Saifedean Ammous, author of The Bitcoin Standard, argues that fiat money is the central ill afflicting modern society. “The 20th century is just an enormous amount of wealth being taken away from people who produced it and being sent to the meat grinder of war. And this is what fiat does,” he told Cointelegraph. “If you take that away, we get a lot less murder and death, and then we get a lot more prosperity, productivity and a lot more wealth.”
His new book, The Gold Standard, explores that premise through an alternate history: what if, soon after World War I began in 1915, a decentralized, immutable system of value transfer backed by gold emerged? How might history—and human flourishing—have changed?
In our timeline, World War I devastated Europe for four years, causing tens of millions of deaths, toppling empires (Habsburg, Romanov, Hohenzollern), fracturing the Ottoman Empire and spawning revolutions and novel political movements such as communism and fascism. The war reshaped borders, upended social orders, and produced economic chaos that influenced the rest of the 20th century.
The Gold Standard reimagines the period after the Belle Époque, when central banks and fragile international financial arrangements set the stage for catastrophe. Ammous argues that the traditional gold standard’s weakness was unchecked extension of bank credit without matching savings, and that imperial ambition combined with poor policy paved the way to war.
In Ammous’ alternate 1915, French aviator Louis Blériot partners with the Wright brothers to found the Blériot Transport Corporation (BTC). They build a fleet of advanced aircraft to carry and deliver gold across borders, allowing commerce to bypass central banks. As war restrictions and bank failures raise demand for transferable, private gold, the wealthy entrust BTC rather than surrendering reserves to national banks. Capital flees state coffers; central-bank gold reserves are drained; governments can no longer fund large-scale warfare.

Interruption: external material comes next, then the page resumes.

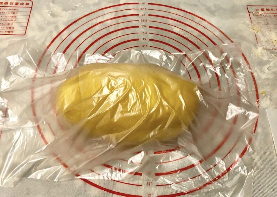 取出面团揉匀,盖保鲜膜醒5分钟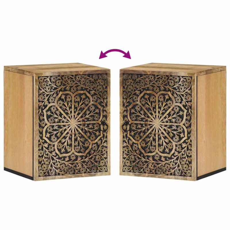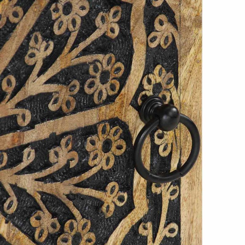 Този класически окачен стенен шкаф е предназначен да оптимизира пространството на стената ви и да украси дома ви! Масивна мангова дървесина: Масивната дървесина от манго е здрава тропическа дървесина, от която се произвеждат здрави мебели. Красивите ѝ дървесни шарки правят всяка мебел малко по-различна от следващите. Изработен от масивно мангово дърво, шкафът за баня е издръжлив и стабилен.Достатъчно място за съхранение: Този стенен шкаф предлага достатъчно място за съхранение, за да държите най-важните си вещи добре подредени и на една ръка разстояние.Функция за стенен монтаж: Този шкаф за съхранение може да се монтира на стена за допълнително място за съхранение. По този начин можете да увеличите максимално пространството на пода и да поддържате чистота.Гъвкава врата: Можете да инсталирате вратата или от лявата, или от дясната страна според собствените си нужди.Ретро стил: Този окачен шкаф с ръчно издълбани флорални мотиви внася лукса на ретро стила във вашия интериор, като е централната точка на вашата стая. Добре е да се знае:Всеки артикул е уникален с вариации в цветове и зърна. Доставката е на случаен принцип, което гарантира ексклузивността и индивидуалността на вашия продукт.

This capital flight, allied with other pressures, forces armies to withdraw. By early 1915 the trenches empty and peace spreads across Europe. A Treaty of Geneva and the International Committee for Self-Determination (ICSD) institutionalize dispute resolution, and a persistent global gold standard—immutable and widely used—enables sustained peace and prosperity. Gold dramatically appreciates in value in a process Ammous calls “hypergoldenization.”
A new form of governance emerges: corporate-style governments-for-hire that compete to provide security and services efficiently. With central banks impotent, large wars become prohibitively expensive; the ICSD makes conflict resolution more feasible without mass mobilization. Ammous suggests that many historical outcomes tied to fiat finance—widespread socialism, the Great Depression, World War II, chronic unemployment, and even certain environmental and food-system trends—would either not occur or would look very different under this regime. He ends with a vignette of a prosperous Smith family in London enjoying abundant energy, plentiful food, and routine comfort.

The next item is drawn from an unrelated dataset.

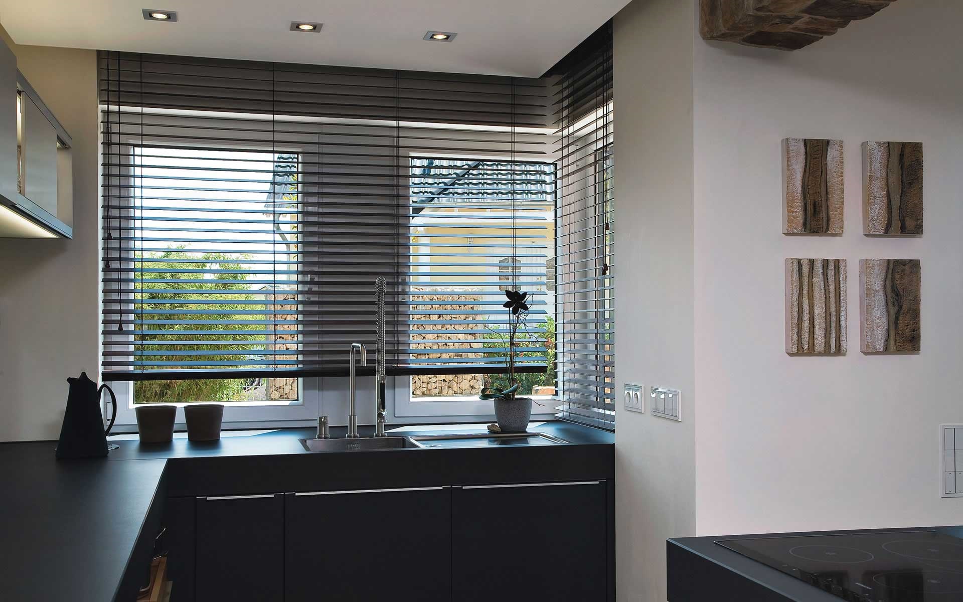 Дополнением к жалюзи и ролетам могут служить итальянские или французские шторы, многослойные вуали или строгие полотна портьер.

Ammous’ intellectual path helps explain the book’s message. He encountered Austrian economics around 2007 and initially favored gold as sound money. He discovered Bitcoin on internet forums and, after researching mining in 2014, became convinced of its merits, which led to his bestselling The Bitcoin Standard. The Gold Standard departs from his prior non-fiction economic treatments by using alternate history and thought experiments to convey the consequences of monetary regimes.
Ammous says he chose World War I as a focal point because it was the decisive turning point of the 20th century; World War II, he argues, is largely a continuation of the first conflict’s disruptions. He sought to make the alternate scenario believable—not a fantasy where peace magically appears—but a plausible chain of events that illuminates how different monetary institutions can alter incentives, capital accumulation, and political outcomes.
Critics note tensions in the narrative. The BTC aircraft in the book—exemplified by a 1911 Lightning prototype capable of 280 km/h and 1,400 km range—far exceed historical aviation performance, representing a deus ex machina that enables cross-border gold transport decades before real-world planes matched those specs. The book’s depiction of soldiers quietly deserting as funding collapses overlooks historical patterns where unpaid armies often mutinied, looted or sparked wider unrest. Ammous also has monarchs removed through assassinations that, in the book, do not produce the succession crises and civil conflict history suggests they might. Some longer-term claims—such as the absence of climate change or shifts toward more beef-heavy diets—strike some readers as speculative.
Ammous acknowledges the uncertainties of counterfactual history but defends the exercise as a way to teach the core lessons of his other works: that preserving money’s purchasing power encourages saving and capital accumulation, which lowers capital costs and spurs investment, productivity, and growth. “If that money is kept, then people will save it, they will accumulate capital. Then the world becomes more capital abundant. We have more capital. Capital becomes cheaper. People are able to invest more. They’re able to save more. They’re able to grow more,” he told Cointelegraph.
The Gold Standard is thus a thought experiment that reframes monetary history: replace fiat-driven, state-financed wars and interventions with private, hard-money institutions and imagine the institutional, technological and social paths that follow. Whether one accepts the specific speculative turns, the book aims to make readers wrestle with how monetary systems shape incentives and the arc of history.